# More Ike



## Arlon (Feb 8, 2005)

Click the image to go to the "Ike gallery"


----------



## Koru (Sep 25, 2006)

Arlon, that has got to be THE photo of the week. it says it all. very haunting.

your gallery gives me bitter sweet feelings. great photos, but such a mess to clean up. i am glad you were able to take photos.

rosesm


----------



## richg99 (Aug 21, 2004)

Great shot..good eye and opportunistic shooting.. Rich


----------



## RustyBrown (May 29, 2004)

Great. Pbase is blocked here at work and I have no power at home. Why so mean to me? 

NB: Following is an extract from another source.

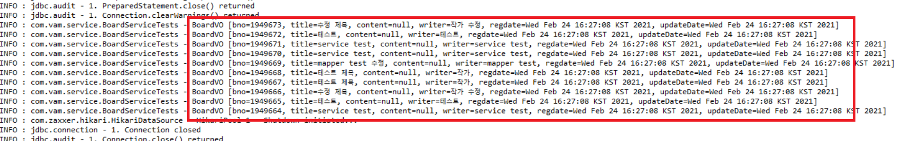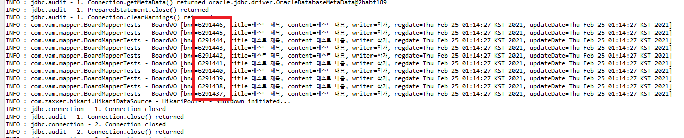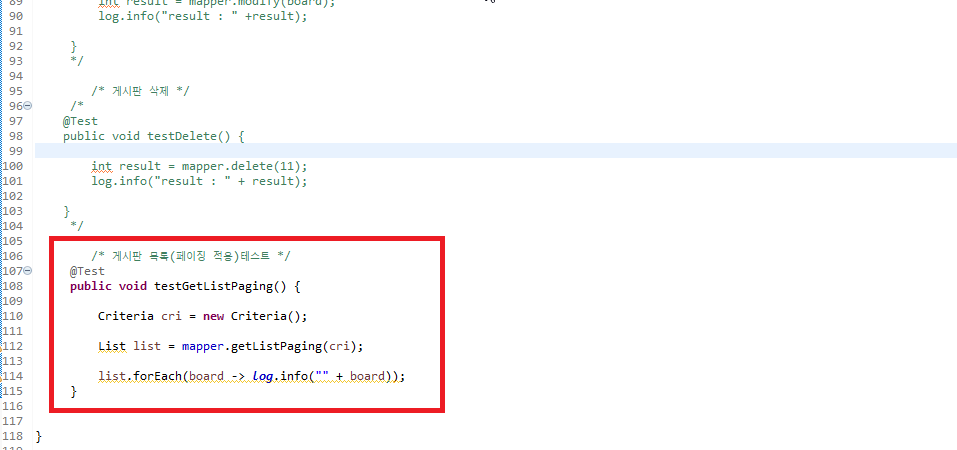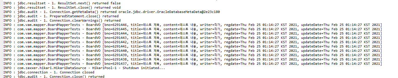 작성한 Mapper 메소드를 테스트합니다. src/test/java 경로의 com.vam.mapper 패키지에 있는 BoardMapperTests.java 에 아래의 코드를 작성하여 Junit 테스트합니다.

We're all fine BTW. Huge cleanup at home. Huge cleanup at the properties, but we had the Galleria open at 8am Sunday morning. We lot a 30x100' block wall on top of the Regency Garage in addition to all the glass. Please let me know if anyone finds it.

Your baby is fine btw Arlon and I got to use it a bit.


----------



## Arlon (Feb 8, 2005)

Definately an opportunistic shot! I looked out the back yard and saw this guy grabbed my camera and got about three shots, checked the pic, looked up and he was gone..


----------



## Koru (Sep 25, 2006)

you should send this shot off to National Geographic, Arlon. opportunist or not, you took it and it's stunning.


----------



## Fisher Lou (May 16, 2005)

Arlon, that is a fantastic photo.


----------



## labanc (Apr 11, 2005)

A W E S O M E


----------



## richg99 (Aug 21, 2004)

Yea, Arlon...that one has so much potential. You ought to submit it to the Chronicle or even the major news groups. It tells the tale very well.....Entitle it something like "Dawn to Dark".... Rich


----------



## rippin lips jr (Feb 5, 2006)

Thats just 2cool! Fantastic job Arlon.


----------



## The Machine (Jun 4, 2007)

nice but bad situation


----------



## Jakjr65 (Jun 16, 2007)

Hats off to all the wonderful photos and information on this site. I have 2 questions: any pics of the Berrmuda beach area and di the homes on Bermuda beach make it ? also, If "Piledriver" is reading - Jim, how idd you make out ? we have you in our prayers. I hope your house is still there ..we will absolutely come back next summer if you are renting.
best wishes to all of you .
Jackie


----------